Steve Moses sitting on a meditation cushion in Oakland, CA.

My Story with the Alexander Technique:

I was in my first year of undergraduate studies when a professor suggested I take his Alexander Technique class. I thought it would make me a better dancer. But there was no dancing. Just sitting up and down in a chair. Moving slowly. Paying attention on purpose. Not quite what my nineteen year old self expected. Still, there was something there. It was good to do a lesson. I felt organized and present. My body was releasing a grip that I never knew was there. It was both new and deeply familiar at the same time.

I felt at home. Which is perhaps a strange thing to feel sitting up and down in a chair, being gently moved, and reminded to do less here, to send that there. Perhaps the armor so many of us carry keep us at a distance from ourselves.

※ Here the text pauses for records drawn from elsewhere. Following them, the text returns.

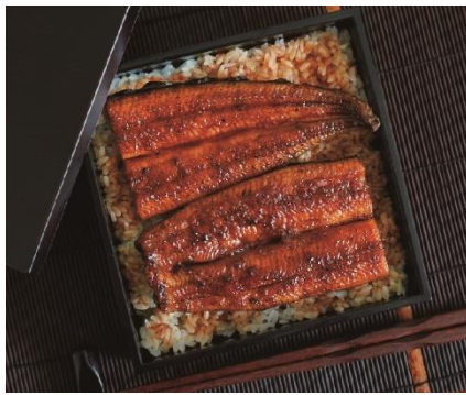
【大和養魚】浜名湖うなぎ長蒲焼 6,480円(税込)

うなぎの蒲焼，白焼，うなぎめしなど，京急百貨店がおおすすめするうなぎを取り揃えました。温めるだけの簡単な調理でお召し上がりいただけるので，一人暮らしをされているご家族にもおすすめです。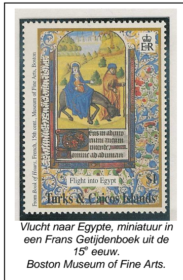
Vlucht naar Egypte, miniatuur in een Frans Getijdenboek uit de 15 e eeuw. Boston Museum of Fine Arts.

De reiskosten ed. en de entreprijzen voor de excursies worden door elk lid zelf betaald. Hierbij komt de museumkaart telkens goed van pas.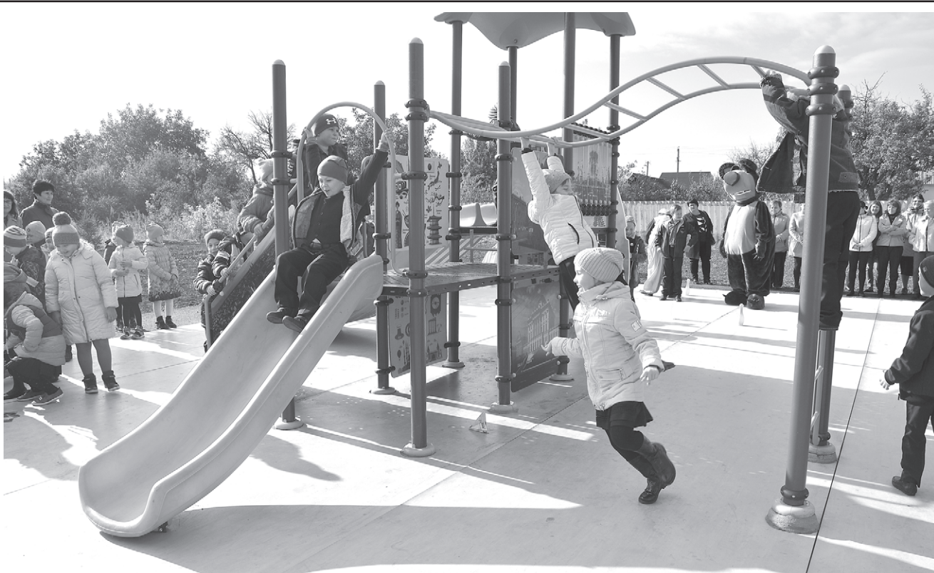
Радости детворы не было предела.

Красненская детвора облюбовала новую детскую площадку в райцентре. Игровая зона разместила неподалёку от многофункционального центра по оказанию услуг населению.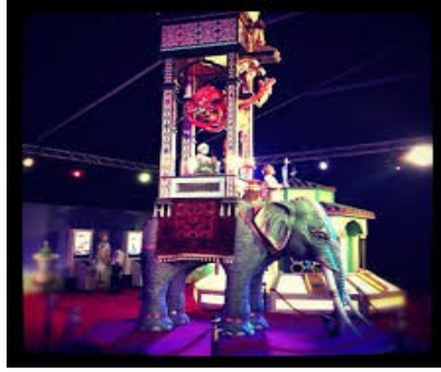
صورة رقم 02 : تمثل مجسما لساعة الفيل - مأخوذة عن موقع المعرض 14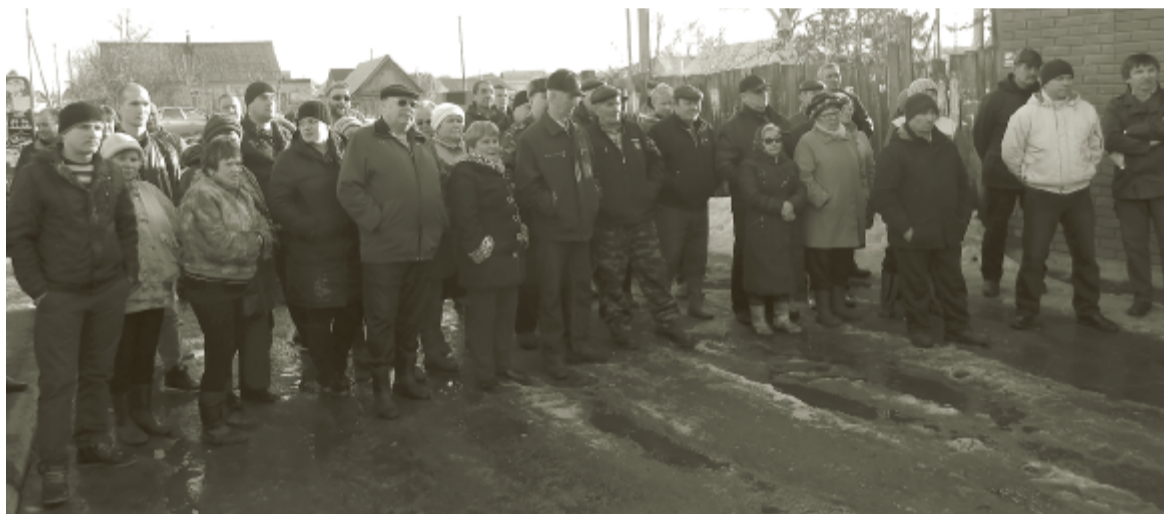
Жители Зари-2 требуют отремонтировать дорогу.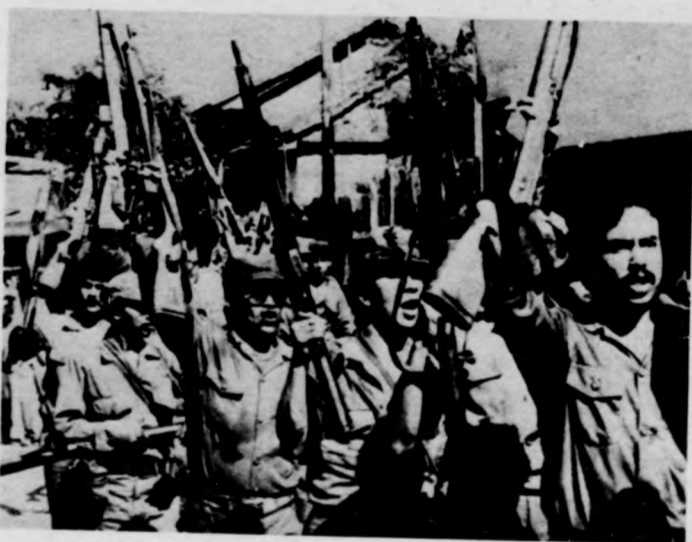
A sandinista hadsereg katonái kifejezik elszántságukat a forradalom védelmére

A Sandino tábornok nyomdokaiba lépő haladó managuai kormány háromfrontos — katonai, gazdasági, politikai — harcok kénytelen folytatni fennmaradásáért. Washington sokeresz ellenforradalmi hadsereget pénzelt, lát el fegyverrel, emellett a közvetlen beavatkozás lehető-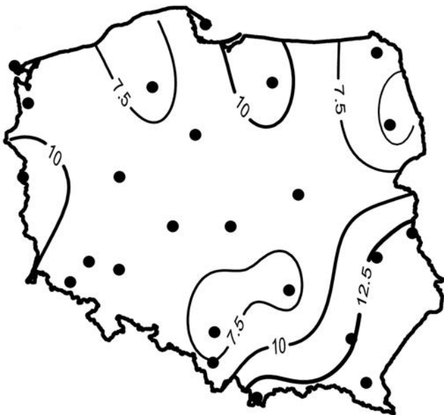
Rycina 4. Rozkład przestrzenny współczynnika trendu liniowego opadów optymalnych P_{opt} (mm/dekadę) w okresie 1951–2015

W Polsce południowej i południowo-wschodniej odnotowano tendencję do wzrostu suchości klimatu, a zmiany w opadach krytycznych mają istotne znaczenie w kształtowaniu zasobów wodnych. Na przykład najwyższy wzrost opadów krytycznych na Wyżynie Lubelskiej prowadzi do coraz mniejszej różnicy pomiędzy P_a i P_{krt} tj. wartości deficytu opadów atmosferycznych (ryc. 6). Zatem zachodzące pod wpływem wzrostu salda promieniowania zmiany w warunkach higroklimatycznych oznaczają, że obserwowany trend w opadach atmosferycznych zbliża się do granicy wyznaczającej strefę klimatu suchego ( RIA > 1 ), utrudniającej wegetację roślinności leśnej. Ujemna tendencja w różnicy pomiędzy opadami atmosferycznymi a opadami krytycznymi odnotowana została na wielu stacjach meteorologicznych centralnej Polski oraz Górnego i Dolnego Śląska. Wyniki potwierdzają pogorszenie się warunków higrycznych w rejonie, który w świetle wielu opracowań wyróżnia się ujemnym bilansem wodnym (Rojek, Wiercioch 1995; Rojek 2001; Łabędzki et al. 2012) oraz ujemną tendencją opadów rocznych (Zawora, Ziernicka 2003). Natomiast na obszarze północno-wschodniej Polski, gdzie wyniki badań wskazały zmniejszenie się wskaźnika suchości klimatu, mamy także do czynienia z dodatnim trendem deficytu opadów atmosferycznych. Wzrost różnic P_a - P_{krt} oznacza warunki, w których występujący opad pokrywa zapotrzebowanie na ewapotranspirację potencjalną oraz stanowi również zasób dla wegetacji roślinności.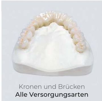
Kronen und Brücken Alle Versorgungsarten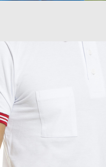
Taschino lato destro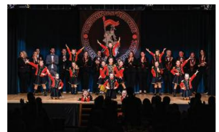
oben: Kindergarde Marsch unten: Kindergarde Showtanz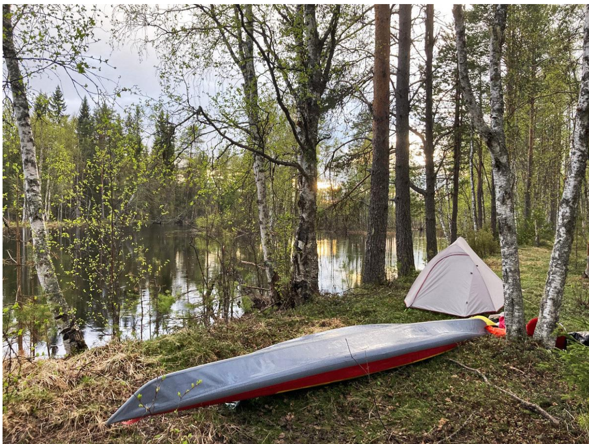
Фото 12. Стоянка на Верхней Онде.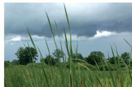
Végétation de hautes herbes bordant l'eau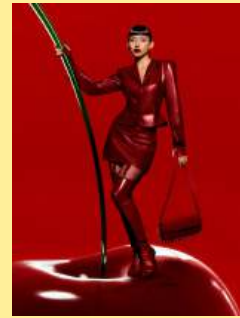
05樱桃编码 Cherry Coded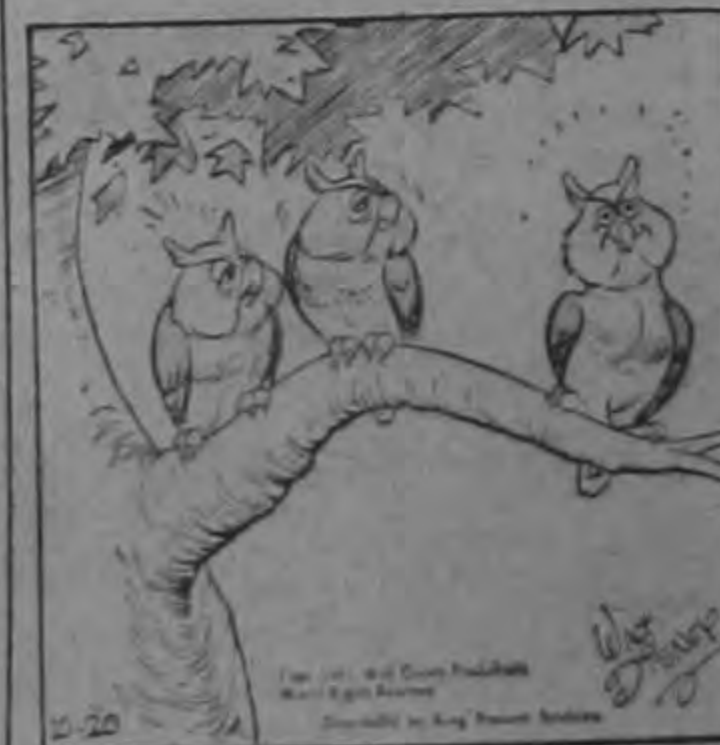
—No puedo corregirlo... insiste en dormir de noche!

TEATROS Y ESPECTACULOS EN PAGINAS 14, 15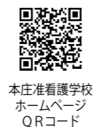
本庄看護学校ホームページQRコード

From that first invitation I kept coming back. The work pointed me toward something I didn’t quite have words for: the possibility of being present and free in my own life.

That was over twenty years ago.

I spent nearly half of that time learning from my teacher Luc Vanier, and for a semester studied with his teachers Joan and Alex Murray, while I floundered and eventually dropped out of graduate school, realizing that the Alexander Technique was enough.

After training, my wife and I moved to Oakland, California. We wanted to live in the sun and to build our practices. Those years were formative. Another almost decade of teaching, learning, failing, and trying again. With the constant reminder that the best way to learn about the work is to do the work. To make the small choices that compound over time.

Most people come to the Alexander Technique because something hurts.
But they stay because it’s more than that.

Sitting up and down from a chair, noticing… making choices.